The 1st January 1977 saw the last BAF Carvair Car Ferry flight, then in June BAF bought the entire fleet of Heralds operated by the Royal Malaysian Air Force, these Heralds were the Mk400 with strengthened floors of the eight bought the first arrived on 15th August 1977 with another seven arriving over the following months, a ninth machine had suffered a landing accident and was deemed uneconomic to repair for the long flight back to the UK so it was reduced to spares in Kuala Lumpur, the first was put back to civilian passenger flying on 6th October 1977 by the time all were back to civilian duties BAF had 15 heralds on its books.
During 1978 much speculation was made about the future of BAF's scheduled operations, and then on 1st January 1979 BAF announced it was to cease all its scheduled operations, British Island Airways took over the routes, whilst BAF concentrated on the leasing & charter market.
BAF bought the entire stock of stored ex-British Airways Viscounts, these had been held in open store at Cardiff since the previous spring but careful maintenance, sealing of components and regular engine runs had been undertaken. The first of these Viscounts arrived on 16th January 1981, it was rolled out of BAF hanger resplendent in the White, with yellow & blue stripes on the 4th February 1981 24 years to the day of its first flight. Also present at the rollout ceremony was a BAE125 this was for use as an executive/VIP transport, it was also capable of a two-hour refit to become an air ambulance.
On the 6th February 1982 Viscount G-AOHL flew into Southend for the last time, it became the static cabin trainer.
More ex-BA Viscounts were bought these were delivered as they were taken out of service with the flag carrier. By the end of 1981 the reaming seven Viscounts in BA service were withdrawn and bought by BAF. During 1981 BAF bought a Viscount 810 (long rage variant) Southend Council also gave the go-a-head for the demolition of a number of cottages and shed at the end of runway 24. These properties had restricted the cargo loads that could be carried by aircraft operating out of the airport. For safety traffic lights were introduced either side of the runway, these were operated by the town and would stop traffic if a large/heavy aircraft was to take off this would prevent a Double Decker bus becoming an open-top route 67 bus! BAF announced that it intended to buy ten British Aerospace 146 jets the order was never placed, but British Aerospace did however select BAF to do the route proving flight and the forth 146 built was painted in BAF colours and registered G-OBAF. It was demonstrated at that years Farnborough Airshow before under going a 21-day flight test program completing 175 flying hours and visiting Düsseldorf, Munich, Beauvais & Toulouse.
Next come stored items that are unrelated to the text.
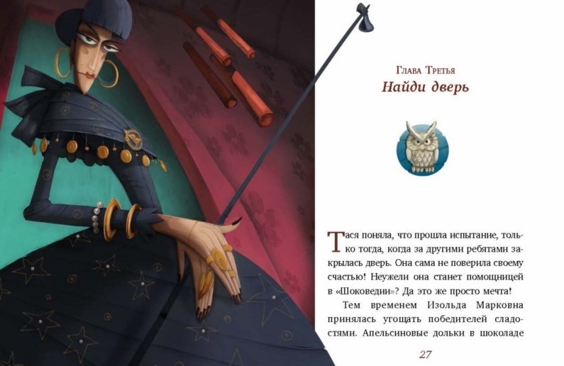 Волшебный магазин "Шоковедия" ищет маленьких помощников! Такое объявление появилось в одном из самых загадочных магазинов сладостей города. Каждый день его витрина менялась: то это волшебный лес с марципановыми деревьями и шоколадными белочками, то озеро из синей глазури и шоколадными лебедями. А уж как вкусно пахнет шоколадом… Рыжеволосая девочка Тася становится одной из помощниц хозяйки магазина Изольды Марковны, женщины с чёрными, как горький шоколад, глазами. В подвале, за маленькой дверкой, Тася находит коробочку с пастильными феями Розой и Беллой. Тут и начинается самое интересное. Кто же такая Шоколдунья на самом деле?Книгу проиллюстрировал замечательный художник Никита Орлов. Для младшего школьного возраста.
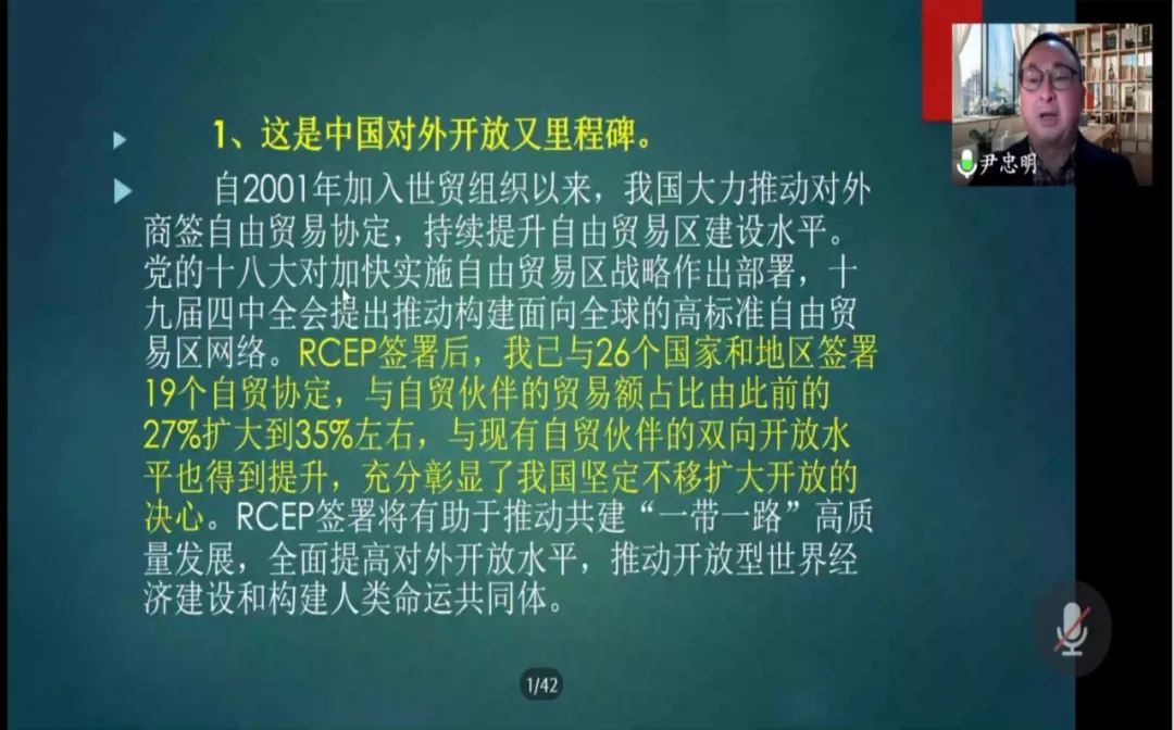 讲座伊始,杨杨经理简要介绍了尹忠明教授,随后,尹忠明教授从RCEP的内容、意义、影响、展望分别展开了讲解。在内容上,他围绕协议中的条款逐条进行了解析;在意义上,他指出RCEP的签署既是区域经济一体化的标志性事件,也是我国继加入世贸组织后又一重大的开放成果,对推动新一轮高水平开放、开拓合作共赢新局面产生深远影响,对促进全球经济复苏、维护多边贸易体制发挥重要的积极的作用;在影响上,他分析了拜登就任总统后对我国对外贸易格局的影响;在展望上,他指出,中国将借RECP之力,推进区域及全球经贸合作。同时,美国将面临更大压力,或急切团结盟友以求反击;世界将继续拥抱自由贸易,全球化体系有望修复。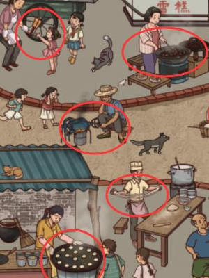 1、点击春卷,把春卷放到早市旁边的老奶奶这里,然后把烤鸭给右上角的店铺这里,再把糖人给中间骑车子的人。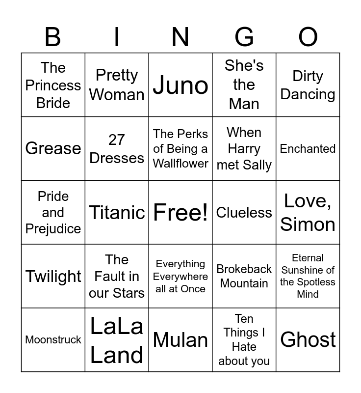 This bingo card has a free space and 24 words: The Fault in our Stars, LaLa Land, The Perks of Being a Wallflower, Moonstruck, Dirty Dancing, The Princess Bride, Grease, Pretty Woman, Clueless, Everything Everywhere all at Once, When Harry met Sally, Pride and Prejudice, Brokeback Mountain, Eternal Sunshine of the Spotless Mind, 27 Dresses, Ten Things I Hate about you, Love, Simon, Juno, Enchanted, Titanic, Ghost, Twilight, She's the Man and Mulan.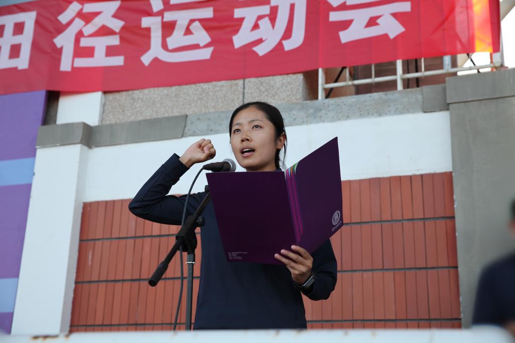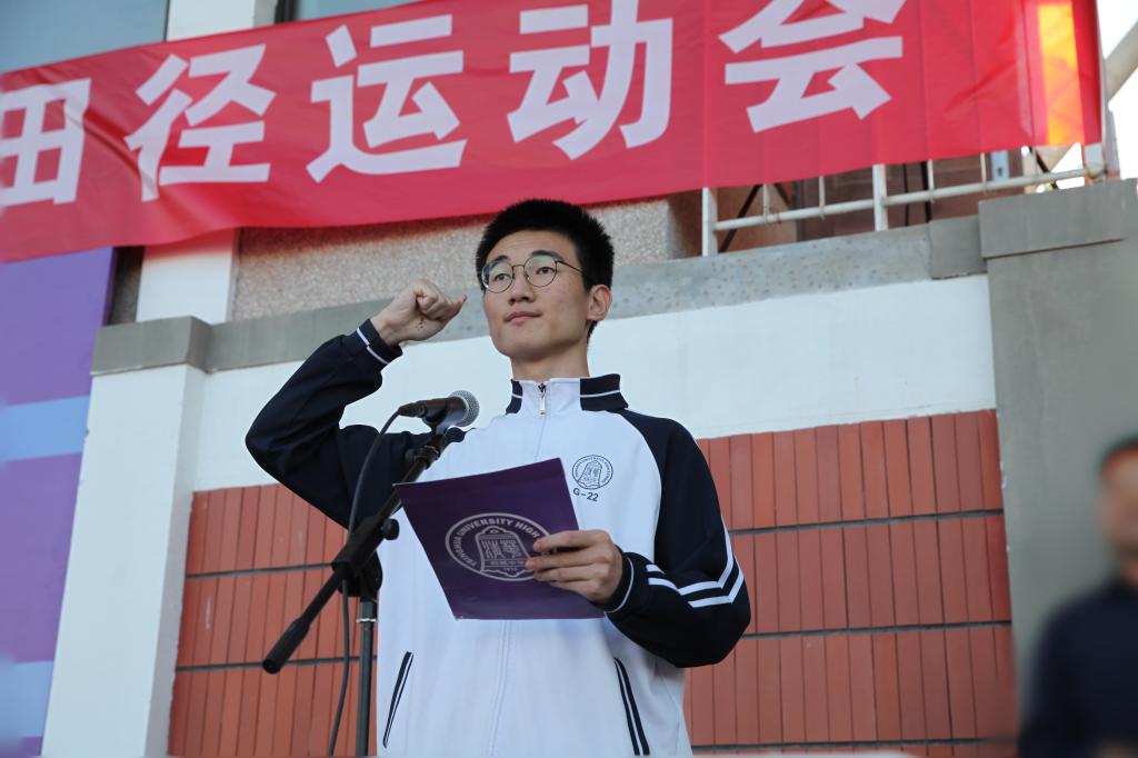G2215班彭天悦同学代表全体运动员宣誓,在运动会的各项比赛中,坚决服从裁判指挥;严格遵守竞赛规则;尊重对手;团结协作,勇于拼搏,超越自我,以“积极、饱满、热情”的态度参加各项比赛,弘扬体育精神。

March 1983 saw BAF sell off its flying arm along with five Viscounts and two Heralds to Jadepoint, however the deal did not include BAF Engineering or the BAF name. BAF continued its leasing side of the business, the owners of BAF The Keegan Group suddenly ceased trading allowing Jadepoint to buy up the rest of BAF, and this also enabled them to take over all the contacts held by BAF at the time as well as the Travel outlets, Viscount Holidays & Viscount Travel. One of Jadepoint's first tasks after buying BAF was the setting up of Jersey Air Ferries, they were issued with two Viscounts and began flying on 27th April 1983, the service operating between Southend- Le Touquet however by October 1983 it was decided to quietly drop the airline with the two Viscounts returning to BAF. Jadepoint bought Guernsey Airlines formed as a subsidiary of Aldair after B A dropped 26 routes mostly serving the Channel Islands. Aldair had changed its name to Intercity Airlines but was experiencing major financial difficulty's the failing airline finally succumbed to the receivers on 1st August 1983.
Both the “independent” Guernsey Airways and BAF experienced a profitable 1984.
The weekend covering 20th –21st July 1985 the two airlines amassed 178 flights. The same year BAF had to get more Viscounts to help fill a its flying commitments it now became the worlds largest Viscount operator. Despite being one of the older airliner types still in regular service the Viscount proved to be popular with anyone who flew on them, it was praised by all those who worked with it, the passengers were treated to a roomy cabin with large oval windows which gave much more light and view that the tiny port-holes in today's modern jet-liners. BAF expanded it Viscount fleet further in August 1985 when it acquired four from Euroair for £2.5million, the first of these were given the new "BRITISH" titles. Only two of these Viscounts were to join the fleet the other two were sold to Spain including spares and maintenance for £3million!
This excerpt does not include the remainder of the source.